The push for gender balance and female representation on company boards in Europe is making the headlines, and momentum is gaining around the issue. Following years of marginal and insignificant progress, the EU Vice-President and Commissioner for Justice Fundamental Rights and Citizenship, Viviane Reding, has stepped in to propose a directive designed to put career progression of both men and women on par, and to do away with the far from proverbial glass ceiling which exists in too many organizations. The figures speak loudly, clearing indicating which gender dominates – women make up 17% of non-executive boards and 10% of executive boards.

The proposed directive has been established to pave the way for the less represented gender to take top management positions, with the objective being to reach 40% of non-executive directors on the boards of big listed companies by 2020.

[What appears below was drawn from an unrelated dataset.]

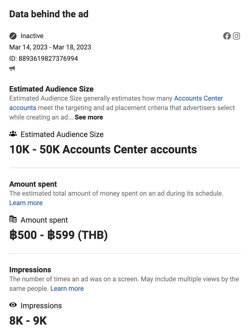 เช็กได้ทั้งการแอ็กทีฟ หรือไม่แอ็กทีฟของโฆษณา วันที่ลงโฆษณา แพลตฟอร์มที่ลงโฆษณา (มีทั้ง Facebook และ Instagram) และคนที่เป็นสปอนเซอร์โฆษณา หรือแม้แต่ยอดคนมองเห็นโฆษณา (Impressions) ก็แสดงข้อมูล ได้พร้อมเก็บข้อมูลย้อนหลังสูงสุด 7 ปี

Obviously, the qualifications and merits of candidates remain the key criteria for board positions. The directive demands a minimum harmonization of corporate governance requirements, as appointment decisions will have to be based on objective assessment. Imperative sanctions will be taken against companies not following the legal requirements for quotas. The sanctions will be determined by Member States themselves. The minimum objective of 40% is to be attained by publicly listed companies by 2020, and by 2018 by public undertakings.

Despite the flexibility of the legislative proposal, it is hotly contested by certain Member States and companies. Others welcome it. National quota legislation has already been implemented in 11 EU Member States. The vast majority of the parliaments of EU Member States have chosen to support the EU proposal. However, the directive divides politicians, businesses and corporations. It is controversial, yet supported by experience.

One good example to note is the economic performance of Norwegian companies after the introduction of mandatory quotas – with a much larger scope than the envisaged EU legislation. Studies from various countries show that enterprises with a better gender balance deliver stronger organizational and financial performance, e.g. “Women matter” by McKinsey (2007, 2008, 2009, 2010, and 2012). The latest research carried out by Credit Suisse Institute (2012) shows that companies with at least one woman on their board outperformed companies with no women by 26% over the course of six years. Boards then have an opportunity to serve as role models by creating gender balance within their structures.

In these difficult economic times, women have a crucial role to play in getting things back on track. Women account for 50% of the population and 60% of all university graduates. Why waste this potential?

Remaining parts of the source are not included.